Thaer Yaseen, Regional Plant Protection officer at FAO Office for the Near East and North Africa, stressed that capacity-building programmes in the field of pesticide registration and management are essential to enhance the technical capacities of government officials involved in the regulation and management of pesticides in ministries of agriculture, environment and health.
"The regional workshop contributes towards developing a plan to better support sustainable pesticide management in the region by national officers. Involving regional officers and expressing the views of the countries will ensure that the interventions are sustainable actions to the challenges and needs of the countries of the region,” Yaseen added.
 During the workshop, participants will receive training on the International Code of Conduct on Pesticide Management and Guidelines for Pesticide Quality Control and Advertising. 
They will also receive guidelines on compliance and enforcement of a pesticide regulatory programme, as well as guidelines for the registration of microbial, botanical and semi-chemical pesticides. 
The training also touches on Highly Hazardous Pesticides (HHP) in the region, to mitigate their risks.
 “The challenges facing farms worldwide, and the Jordanian farmer, in particular, are increasing as he suffers from a lack of resources, scarcity and high costs of production inputs, in addition to global climate change,” said Abdel Wali Al Tahat, Assistant Secretary-General for Plant Health, deputising for Agriculture Minister Khalid Hneifat.
"The Ministry of Agriculture is fully aware of the importance of true partnership between the public and private sectors, especially international companies specialised in the field of agricultural pesticides, which are based on research and development in advancing the reality of the agricultural sector and the modernity and technology it offers. By providing an attractive environment, Jordan is considered a haven for such companies, both from a legislative point of view, and by allowing sample imports intended for experimental purposes, research needs, development and sponsorship of initiatives,” added Tahat.
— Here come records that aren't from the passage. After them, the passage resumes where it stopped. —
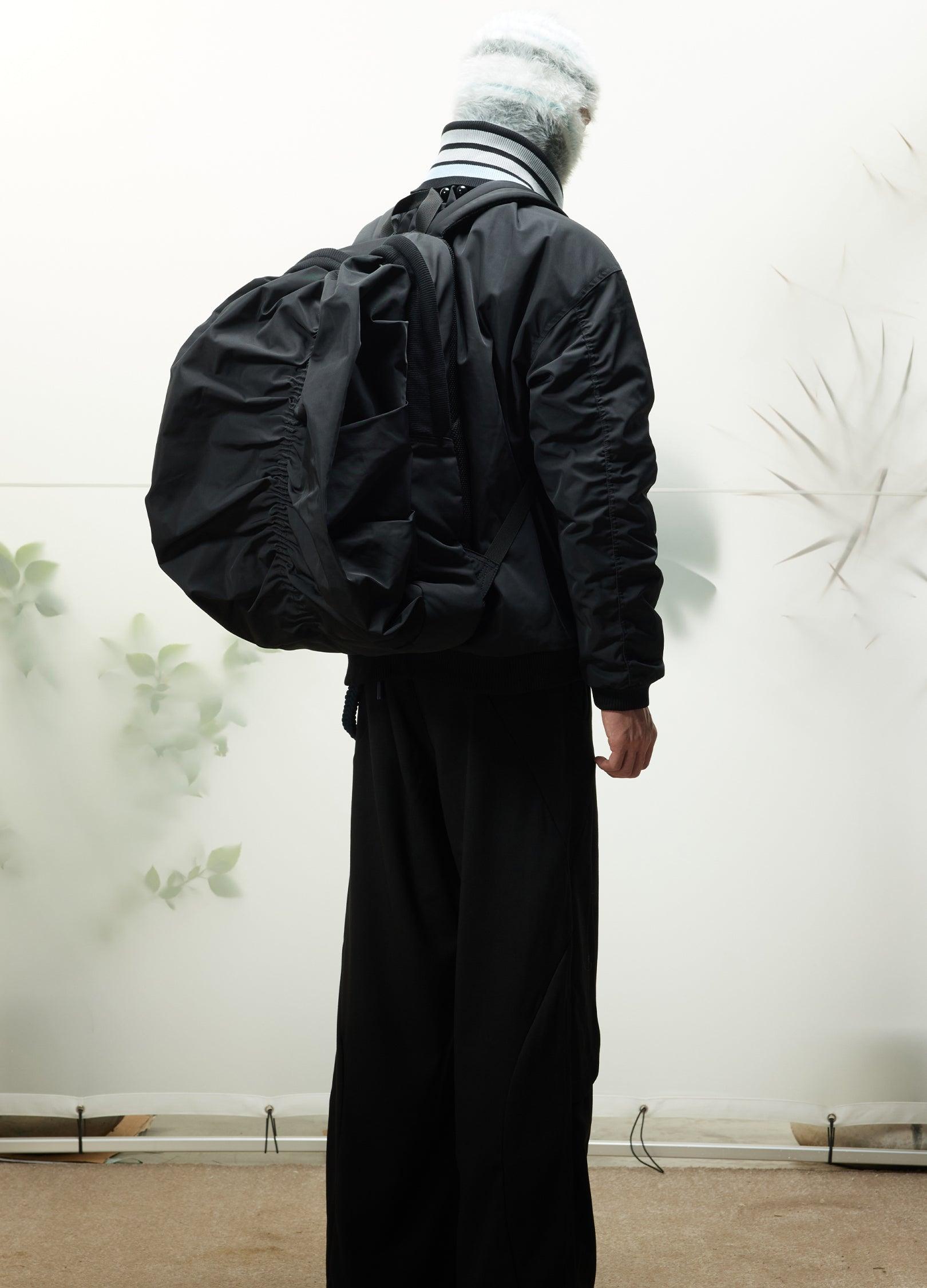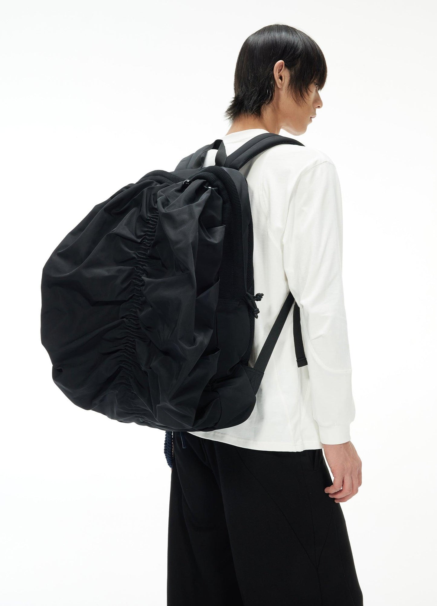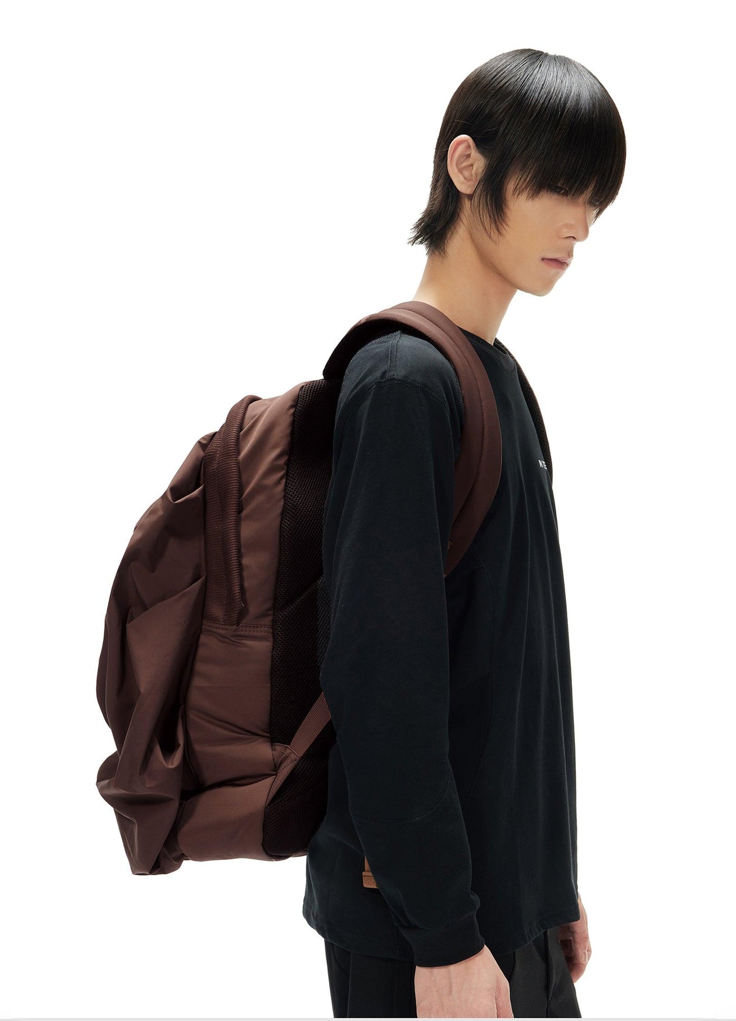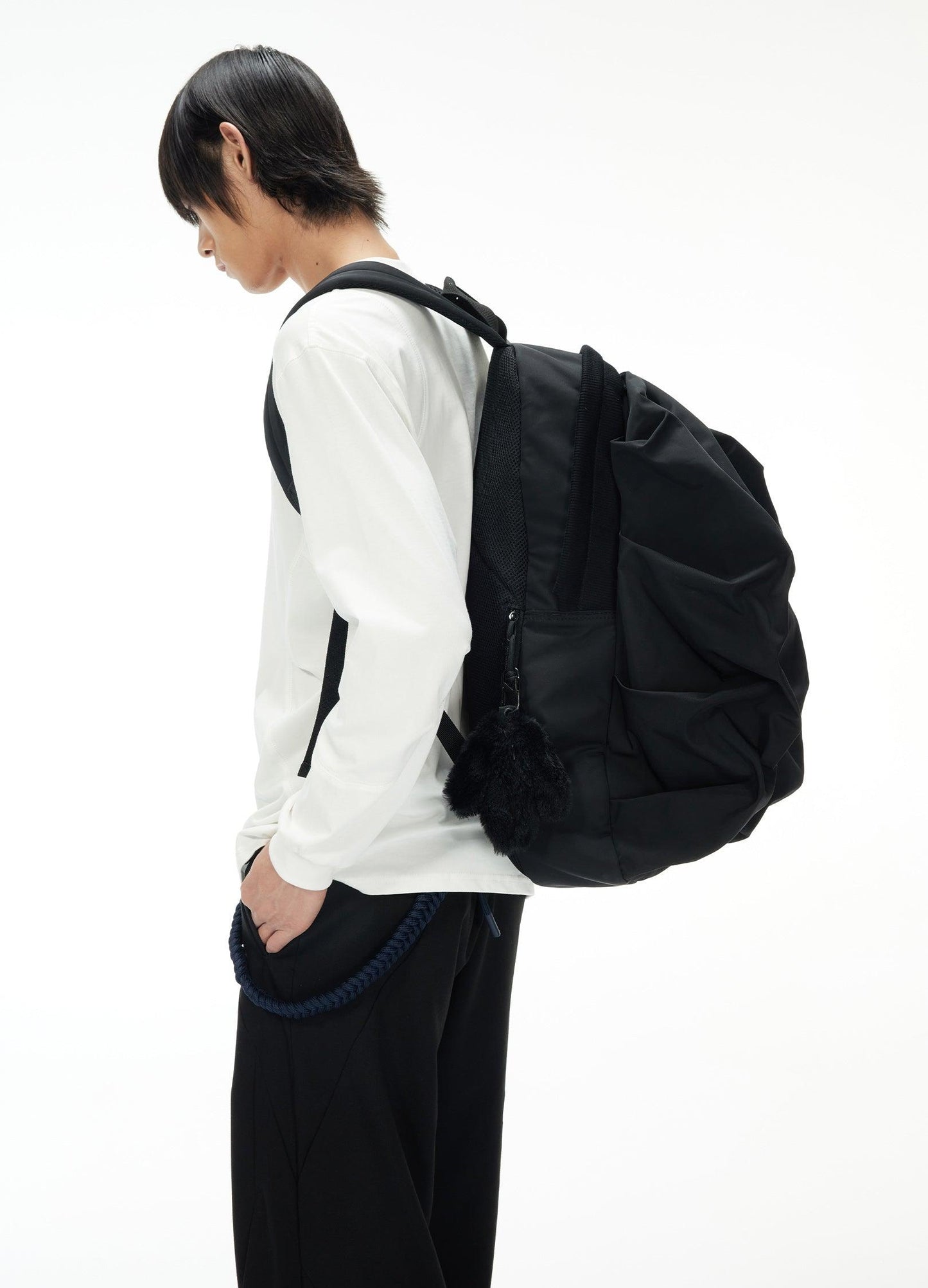 Oversized Pleated Backpack with Beaded Accent - Elevate your style with this fashionable backpack featuring black beads on top and a pleated. drapey fabric front. Designed for functionality. it includes a carry handle. thick adjustable shoulder straps. and an additional back compartment at the interior. The two-way zipper closure ensures security. and the IN TERRIS logo adds a touch of sophistication. Available in Black and Brown. this backpack is made from durable polyester and polyester fiber.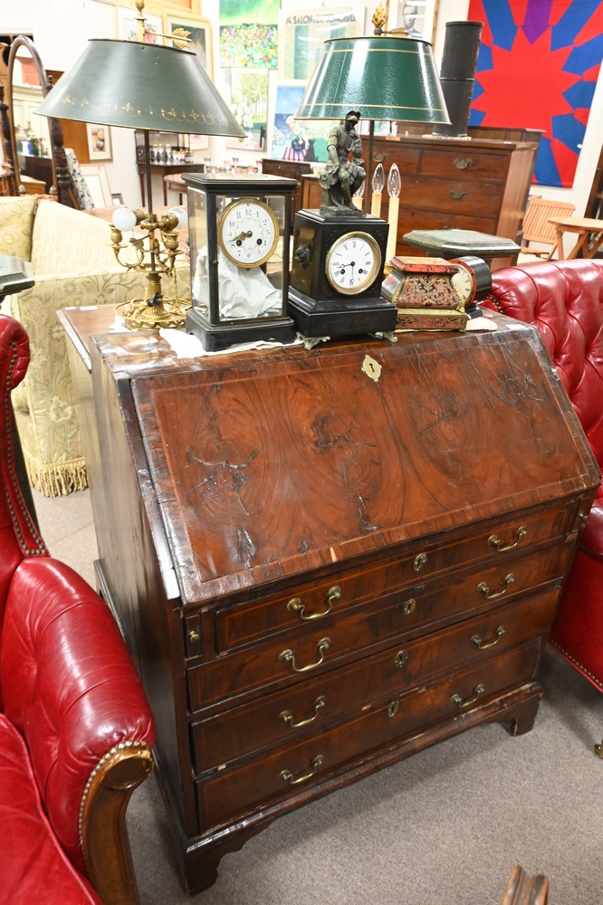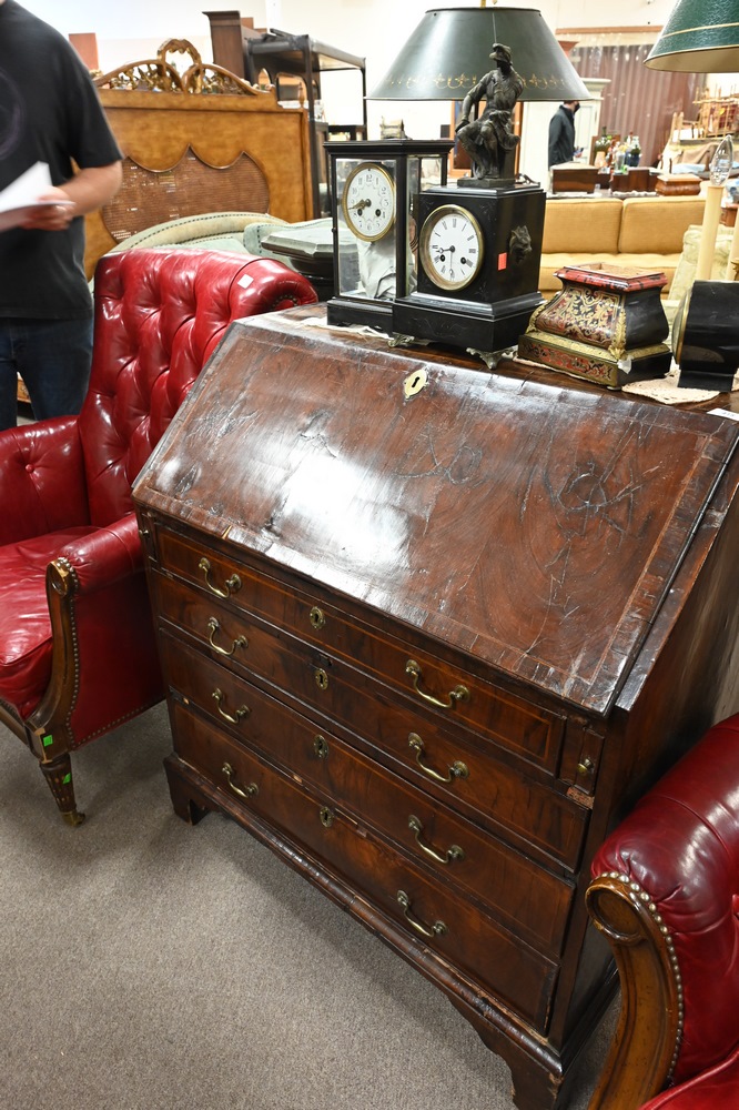 Lot 415: George III Walnut Slant Front Desk, circa 1760, height 40 inches, width 36 inches.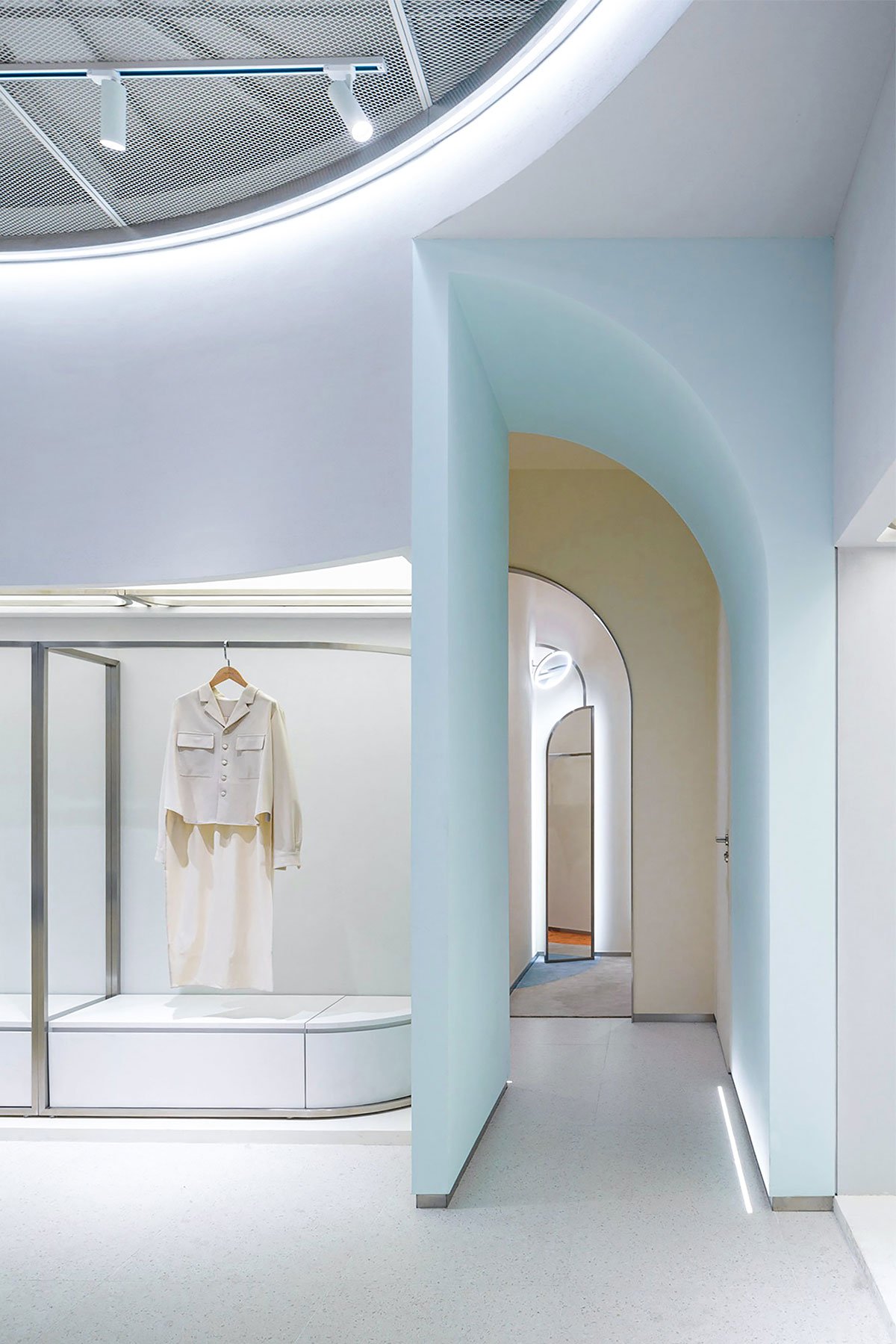 [Text as submitted by architect] Situated in a prominent position within Shanghai’s Bund Financial Center, ON/OFF is a multi-brand store focused on up-and-coming fashion designers. Studiolite’s design aims for a trendy, artistically-inspired experience through high-end, layered spaces. By interweaving lighting, atmosphere, artful color composition, and the whimsical collision of delicate materials, a dynamic spatial succession is formed, channeling the city’s youthful vitality.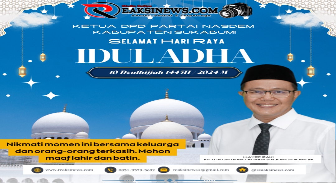 ReaksiNews.com || Ketua DPD Partai NasDem Kabupaten Sukabumi H.Ayep Zaki mengucapkan “Selamat Idul Adha 1445 H”. Arti pengorbanan adalah mendedikasikan apa yang ada di dunia ini untuk Allah SWT.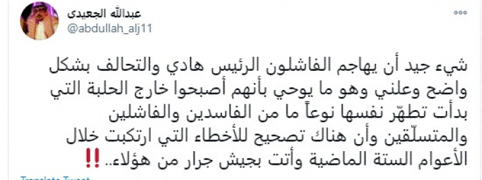 وكتب في تغريدة عبر "تويتر" رصدها "المشهد العربي": "شيء جيد أن يهاجم الفاشلون الرئيس هادي والتحالف بشكل واضح وعلني وهو ما يوحي بأنهم أصبحوا خارج الحلبة التي بدأت تطهّر نفسها نوعًا ما من الفاسدين والفاشلين والمتسلّقين وأن هناك تصحيح للأخطاء التي ارتكبت خلال الأعوام الستة الماضية وأتت بجيش جرار من هؤلاء".
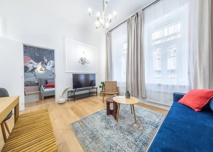 The spacious 79 m² Ruby 3-Bedroom Best Location Budapest apartment lies only 0.7 km from the Budapest Eye observation wheel and around 10 minutes on foot from Bajcsy-Zsilinszky út tube station. The 2-bedroom apartment features a patio that overlooks the city.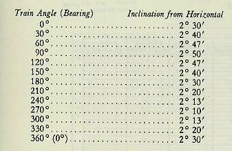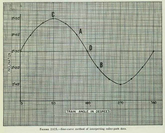 21C4. Interpretation of roller-path data The relationship between any roller path and the horizontal is defined by the amount of tilt at the highest point of the path and the bearing of this point, and compensating devices are built to correct in these terms. Therefore in order to interpret the results of these two quantities must be determined for each roller path. There are two commonly used graphic methods available for this determination: the sine-curve method and the 60° radial method. In order to explain these methods more clearly we shall assume a set of typical roller path data shown below, and actually find the high point and its bearing by these methods. Although the following table shows inclination at 30° intervals of train, in actual practice, readings would be taken every 10° or 15°. Note that all readings are positive. This is due to the fact that the quadrant was slightly elevated, mentioned before, to avoid the complication negative numbers. |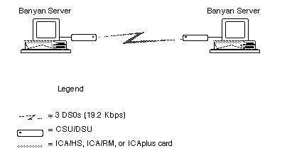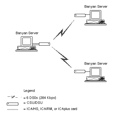 Figure 5-1 shows a Banyan network in which two servers are connected by three 19.2 Kbps DS0 circuits. Each server has a single FT1 line.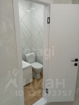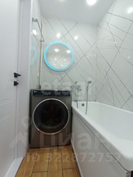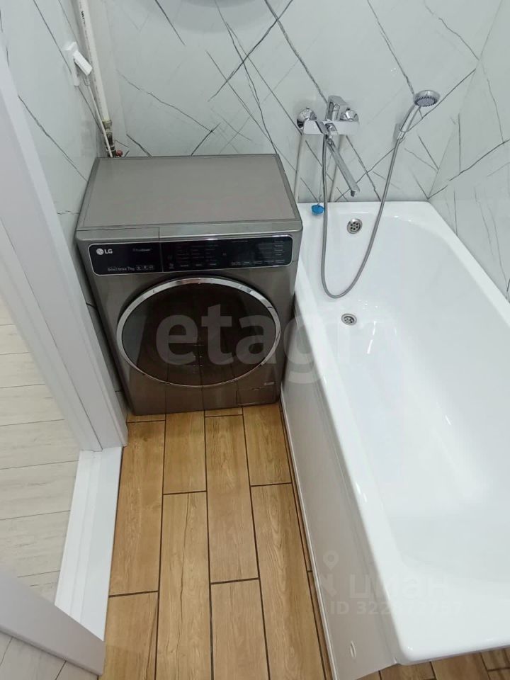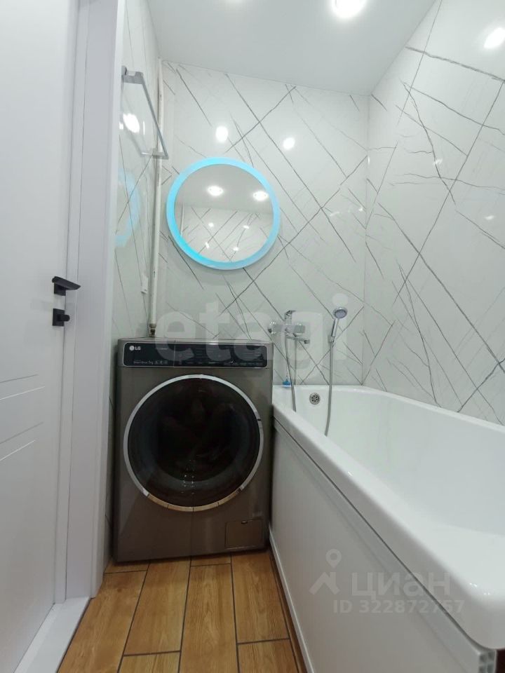 Ванная комната обустроена с практичным подходом: на полу уложена плитка, установлена новая акриловая ванна и современная сантехника, зеркало с подсветкой, а также остается стиральная машина.

"Pesticides play an important role in the agricultural sector, achieving food security and improving farmers' livelihoods," elaborated FAO Representative to Jordan Nabil Assaf.
"However, the negative effects of pesticides on the environment, beneficial non-target organisms, and human health are often much greater than the benefits of using pesticides to control pests and diseases,” he added.
FAO Regional Office for Near East and North Africa intensively assessed the current status of health and technology projects in the region, the statement said. 
The report showed that 89 HHPs are still in use in some NENA countries, 50 of which were evaluated under the Globally Harmonised System of Classification and Labelling of Chemicals (GHS). 
According to the report, 39 of the 89 HHPs are identified under criteria 8, which indicates active substances and pesticide formulations that show a high incidence of severely harmful effects on human health or the environment.
Many countries in the NENA region have made efforts to effectively manage the use of pesticides by developing regulations, ratifying international agreements, and adopting Integrated Pest Management (IPM) programmes to reduce reliance on pesticides.